_REQUIRED WORK_
For this listing, reproduce the line with "答辩人:刘华| 导师:王如竹 |", the line with "北京市2023年第5批入庫科技型中小企業名單公告正文.jpg PICTURE", and the lines between, exactly as they stand. Leave out pictures and all other lines.

_ENTRIES SHOWN_
-*-

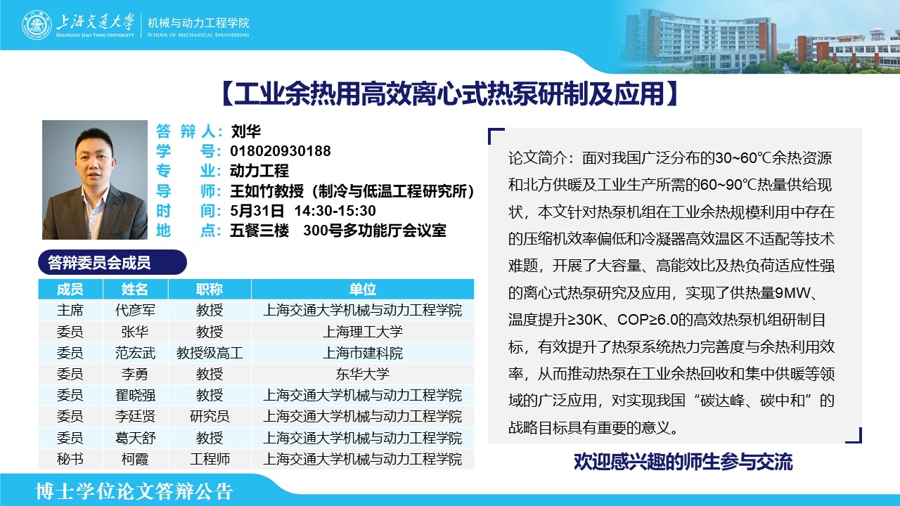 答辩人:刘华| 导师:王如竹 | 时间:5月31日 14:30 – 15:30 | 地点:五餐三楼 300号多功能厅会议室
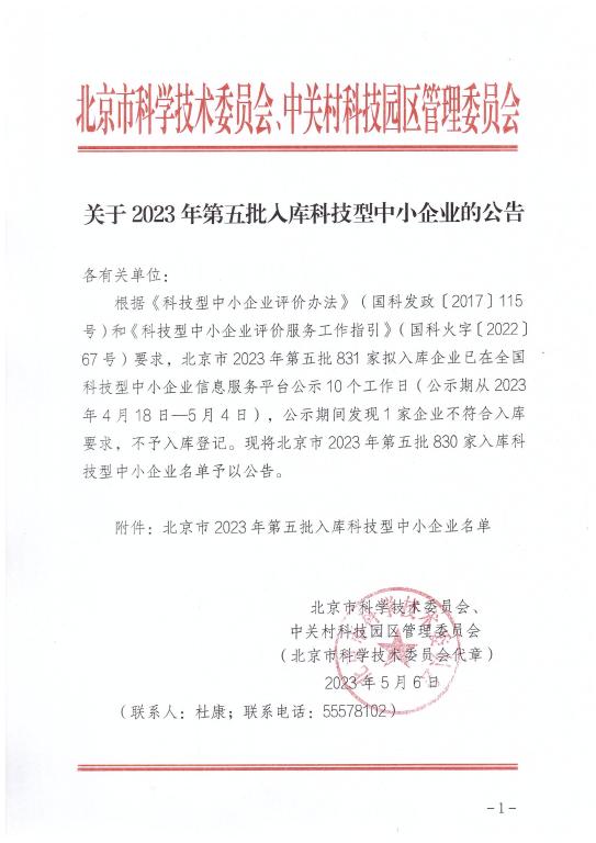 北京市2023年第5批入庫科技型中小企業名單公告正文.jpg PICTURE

-*-

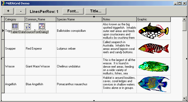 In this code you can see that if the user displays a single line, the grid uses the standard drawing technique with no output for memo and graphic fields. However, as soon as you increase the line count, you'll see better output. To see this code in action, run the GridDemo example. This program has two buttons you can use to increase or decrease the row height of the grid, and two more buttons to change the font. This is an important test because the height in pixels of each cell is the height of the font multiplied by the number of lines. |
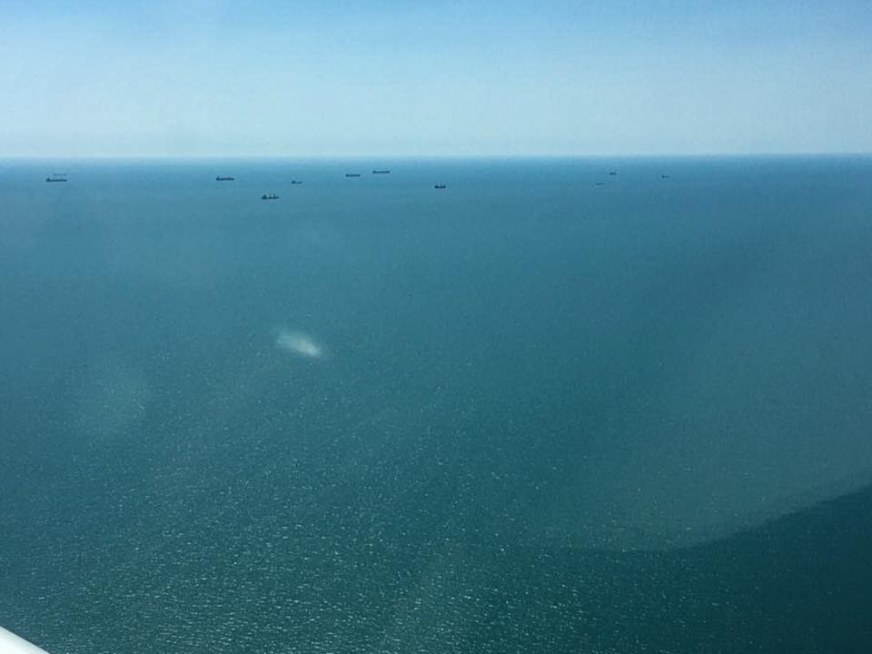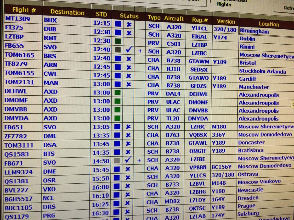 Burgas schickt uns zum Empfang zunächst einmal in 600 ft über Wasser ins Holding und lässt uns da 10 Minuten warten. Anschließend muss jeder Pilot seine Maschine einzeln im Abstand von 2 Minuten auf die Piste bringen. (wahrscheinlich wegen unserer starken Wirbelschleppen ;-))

-*-

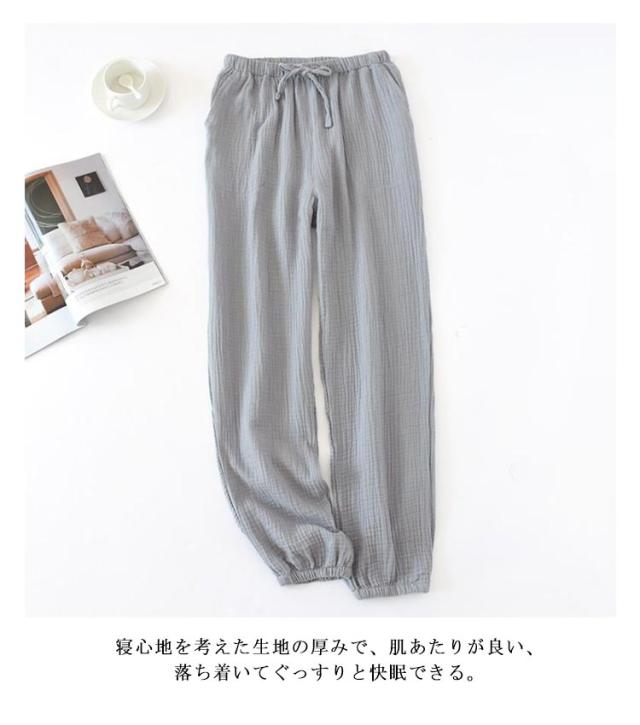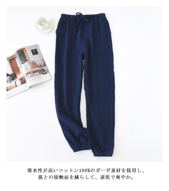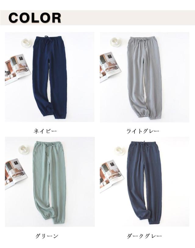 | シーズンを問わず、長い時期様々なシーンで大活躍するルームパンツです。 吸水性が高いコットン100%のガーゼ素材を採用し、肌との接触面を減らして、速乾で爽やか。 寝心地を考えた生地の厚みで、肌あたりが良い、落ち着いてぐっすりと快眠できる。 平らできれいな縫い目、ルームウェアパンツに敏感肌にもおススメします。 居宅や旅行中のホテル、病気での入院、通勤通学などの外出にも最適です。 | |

-*-

_SOLUTION TO THIS TASK_
 答辩人:刘华| 导师:王如竹 | 时间:5月31日 14:30 – 15:30 | 地点:五餐三楼 300号多功能厅会议室
 北京市2023年第5批入庫科技型中小企業名單公告正文.jpg PICTURE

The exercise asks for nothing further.